**** DATA SECTION

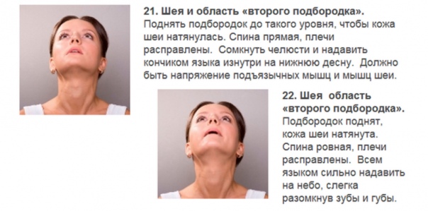 Чтобы убрать провисание кожи на шее, выполняйте такие упражнения:
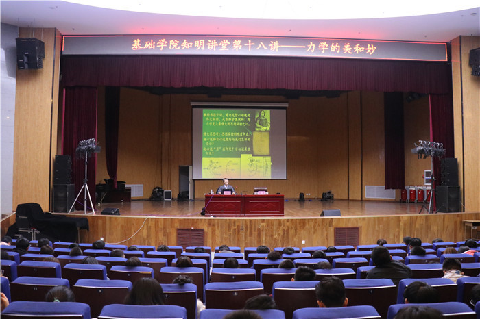 11月13日下午及晚上,清华大学殷雅俊教授做客“知明讲堂”,在明向校区学生活动中心进行第十七讲“从具象到抽象:科学与艺术的共同轨迹与归宿”、第十八讲“力学的美和妙”的讲座。此次活动由基础学院与物电学院联合举办,基础学院党总支书记张少临、院长宋燕、物电学院党委书记郭菲、院长郝玉英等以及1400余名学生参加了两场讲座。
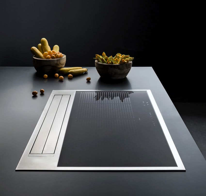 Очень большая вытяжка, предназначенная для монтажа в столешницу. Инновационная модель большой мощности. В собранном виде утоплена под столешницу.
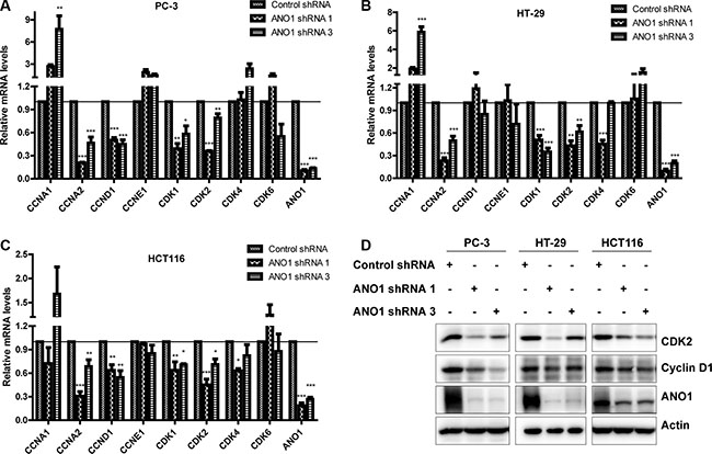 Figure 4: Analysis of mRNA and protein levels of cyclins and CDKs in PC-3, HT-29 and HCT116 cells after ANO1 knockdown. Four days after lentiviral infection of ANO1 shRNAs, the mRNA levels of several cyclins and CDKs were examined by real-time PCR. Bar graphs showing reduced expressions of cyclin D1 (CCND1), cyclin A2 (CCNA2), CDK1 and CDK2 in prostate cancer PC-3 cells (A), decreased expressions of cyclin A2, CDK1 and CDK2 in colon cancer HT-29 cells (B), and reduced expressions of cyclin D1, cyclin A2, CDK1 and CDK2 in colon cancer HCT116 cells (C). Data are expressed as mean ± SEM; n = 3–4; *P < 0.05; **P < 0.01; ***P < 0.001. (D) Western blot shows a decreased expression of CDK2 and cyclin D1 in the indicated cells after knockdown of ANO1.
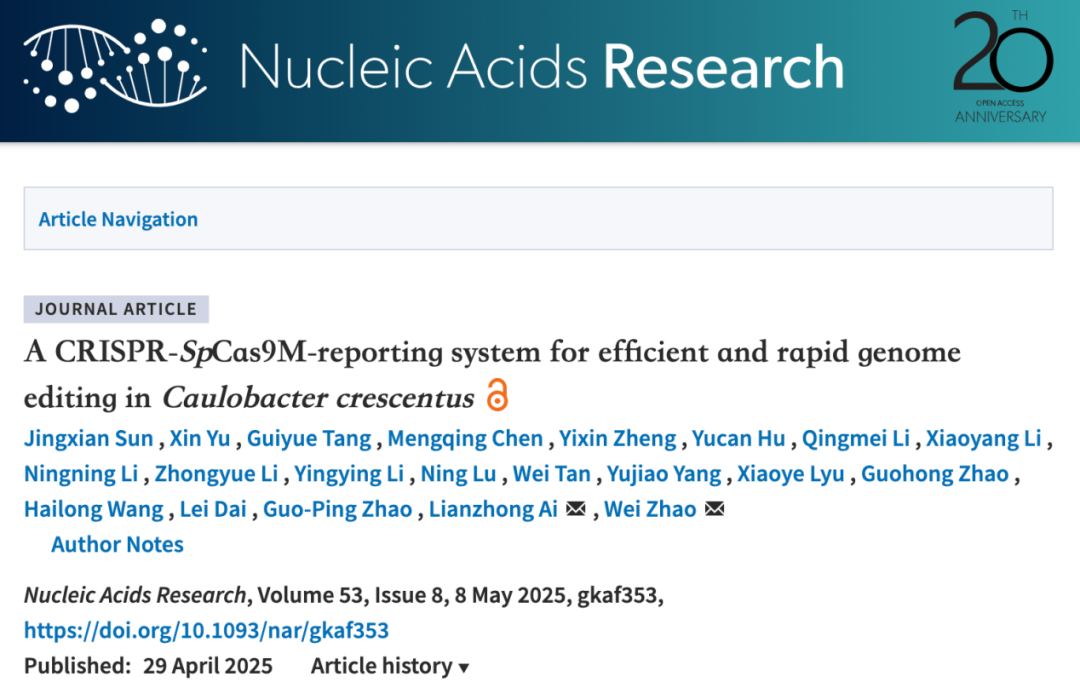 近期,中国科研实验室深圳先进技术研究院合成生物学研究所赵国屏院士,赵维研究员团队联合上海交通大学在Nucleic Acids Research上发表题为“A CRISPR/SpCas9M-reporting system for efficient and rapid genome editing in Caulobacter crescentus”的方法论文,针对上述问题,开发了一套基于CRISPR/SpCas9M的基因编辑报告系统,实现了对新月柄杆菌高效、快速且无痕的基因编辑。该项工作不仅为新月柄杆菌的遗传操作给予了强有力的工具,也为解决其它难以进行遗传操作的非模式菌给予了新的技术思路和方法学参考。
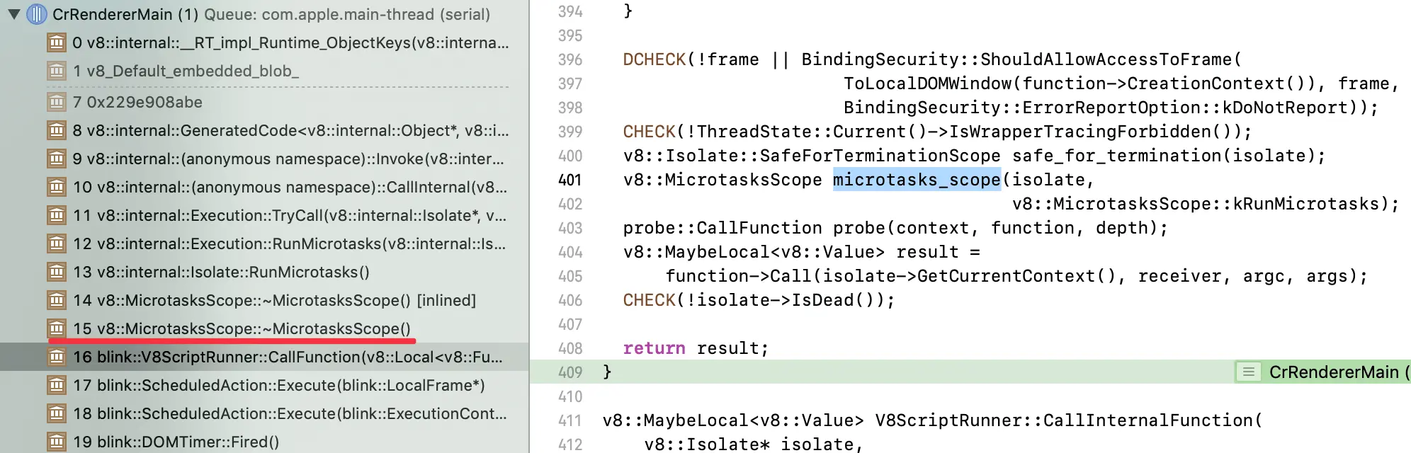 }这段代码先实例化一个scope对象,是放在栈上的,然后调function.call,这个function.call就是当前要执行的JS代码,等到JS执行完了,离开作用域,这个时候栈对象就会被解构,然后在解构函数里面执行microtask。注意C++除了构造函数之外还有解构函数,解构函数是对象被销毁时执行的,因为C++没有自动垃圾回收,需要有个解构函数让你自己去释放new出来的内存。

********

WORK INSTRUCTIONS :: Write out each entry exactly, images excluded.

TASK ANSWER ::
 Чтобы убрать провисание кожи на шее, выполняйте такие упражнения:
 11月13日下午及晚上,清华大学殷雅俊教授做客“知明讲堂”,在明向校区学生活动中心进行第十七讲“从具象到抽象:科学与艺术的共同轨迹与归宿”、第十八讲“力学的美和妙”的讲座。此次活动由基础学院与物电学院联合举办,基础学院党总支书记张少临、院长宋燕、物电学院党委书记郭菲、院长郝玉英等以及1400余名学生参加了两场讲座。
 Очень большая вытяжка, предназначенная для монтажа в столешницу. Инновационная модель большой мощности. В собранном виде утоплена под столешницу.
 Figure 4: Analysis of mRNA and protein levels of cyclins and CDKs in PC-3, HT-29 and HCT116 cells after ANO1 knockdown. Four days after lentiviral infection of ANO1 shRNAs, the mRNA levels of several cyclins and CDKs were examined by real-time PCR. Bar graphs showing reduced expressions of cyclin D1 (CCND1), cyclin A2 (CCNA2), CDK1 and CDK2 in prostate cancer PC-3 cells (A), decreased expressions of cyclin A2, CDK1 and CDK2 in colon cancer HT-29 cells (B), and reduced expressions of cyclin D1, cyclin A2, CDK1 and CDK2 in colon cancer HCT116 cells (C). Data are expressed as mean ± SEM; n = 3–4; *P < 0.05; **P < 0.01; ***P < 0.001. (D) Western blot shows a decreased expression of CDK2 and cyclin D1 in the indicated cells after knockdown of ANO1.
 近期,中国科研实验室深圳先进技术研究院合成生物学研究所赵国屏院士,赵维研究员团队联合上海交通大学在Nucleic Acids Research上发表题为“A CRISPR/SpCas9M-reporting system for efficient and rapid genome editing in Caulobacter crescentus”的方法论文,针对上述问题,开发了一套基于CRISPR/SpCas9M的基因编辑报告系统,实现了对新月柄杆菌高效、快速且无痕的基因编辑。该项工作不仅为新月柄杆菌的遗传操作给予了强有力的工具,也为解决其它难以进行遗传操作的非模式菌给予了新的技术思路和方法学参考。
 }这段代码先实例化一个scope对象,是放在栈上的,然后调function.call,这个function.call就是当前要执行的JS代码,等到JS执行完了,离开作用域,这个时候栈对象就会被解构,然后在解构函数里面执行microtask。注意C++除了构造函数之外还有解构函数,解构函数是对象被销毁时执行的,因为C++没有自动垃圾回收,需要有个解构函数让你自己去释放new出来的内存。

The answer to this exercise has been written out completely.